» **Recorded information**:
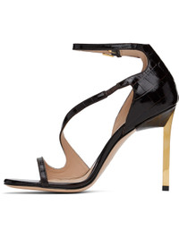 Croc-embossed patent calfskin heeled sandals in brown. · Open toe · Partially elasticized strap at vamp · Pin-buckle ankle strap · Logo-printed buffed leather and suede footbed · Metal stiletto heel with rubber injection · Polished leather sole · Heel: H4" Supplier color: Espresso Upper: calfskin. Sole: leather. Made in Italy 242076F125020
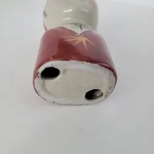 Hand painted vases similar in style to Gemma Taccogna’s folk art paper mache works. The styling of the faces and clothing is also reminiscent of Tudor or Elizabethan nobility.
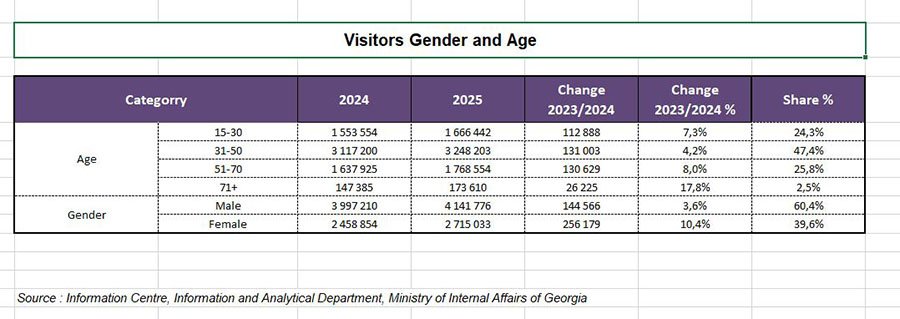 Число посетителей в возрасте от 51 до 70 лет выросло до 1,7 млн (+8,0%), доля составила 25,8%. Заметный вклад обеспечили и туристы в возрасте от 15 до 30 лет — 1,6 млн поездок (+7,3%). Наиболее высокие темпы роста зафиксированы среди посетителей старше 71 года. Хотя их доля остаётся минимальной — 2,5%, число визитов увеличилось на 17,8%, до 173 610.
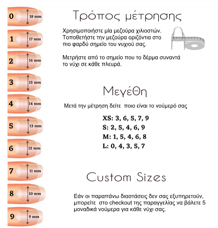 Τα Press On νύχια μας είναι χειροποίητα. Κατασκευασμένα από υψηλής ποιότητας υλικά που εξασφαλίζουν την ανθεκτικότητα και την δυνατότητα επαναχρησιμοποίησής τους (οι φορές επαναχρησιμοποίησης εξαρτώνται και από τον σωστό τρόπο αφαίρεσης). Αποτελούν μια εξαιρετική επιλογή για εσάς που θέλετε κομψά και περιποιημένα νύχια σε λίγα λεπτά.

» **Goal of the exercise**:
What is needed is an exact copy of the data, with the pictures removed.

» **Solution for this task**:
 Croc-embossed patent calfskin heeled sandals in brown. · Open toe · Partially elasticized strap at vamp · Pin-buckle ankle strap · Logo-printed buffed leather and suede footbed · Metal stiletto heel with rubber injection · Polished leather sole · Heel: H4" Supplier color: Espresso Upper: calfskin. Sole: leather. Made in Italy 242076F125020
 Hand painted vases similar in style to Gemma Taccogna’s folk art paper mache works. The styling of the faces and clothing is also reminiscent of Tudor or Elizabethan nobility.
 Число посетителей в возрасте от 51 до 70 лет выросло до 1,7 млн (+8,0%), доля составила 25,8%. Заметный вклад обеспечили и туристы в возрасте от 15 до 30 лет — 1,6 млн поездок (+7,3%). Наиболее высокие темпы роста зафиксированы среди посетителей старше 71 года. Хотя их доля остаётся минимальной — 2,5%, число визитов увеличилось на 17,8%, до 173 610.
 Τα Press On νύχια μας είναι χειροποίητα. Κατασκευασμένα από υψηλής ποιότητας υλικά που εξασφαλίζουν την ανθεκτικότητα και την δυνατότητα επαναχρησιμοποίησής τους (οι φορές επαναχρησιμοποίησης εξαρτώνται και από τον σωστό τρόπο αφαίρεσης). Αποτελούν μια εξαιρετική επιλογή για εσάς που θέλετε κομψά και περιποιημένα νύχια σε λίγα λεπτά.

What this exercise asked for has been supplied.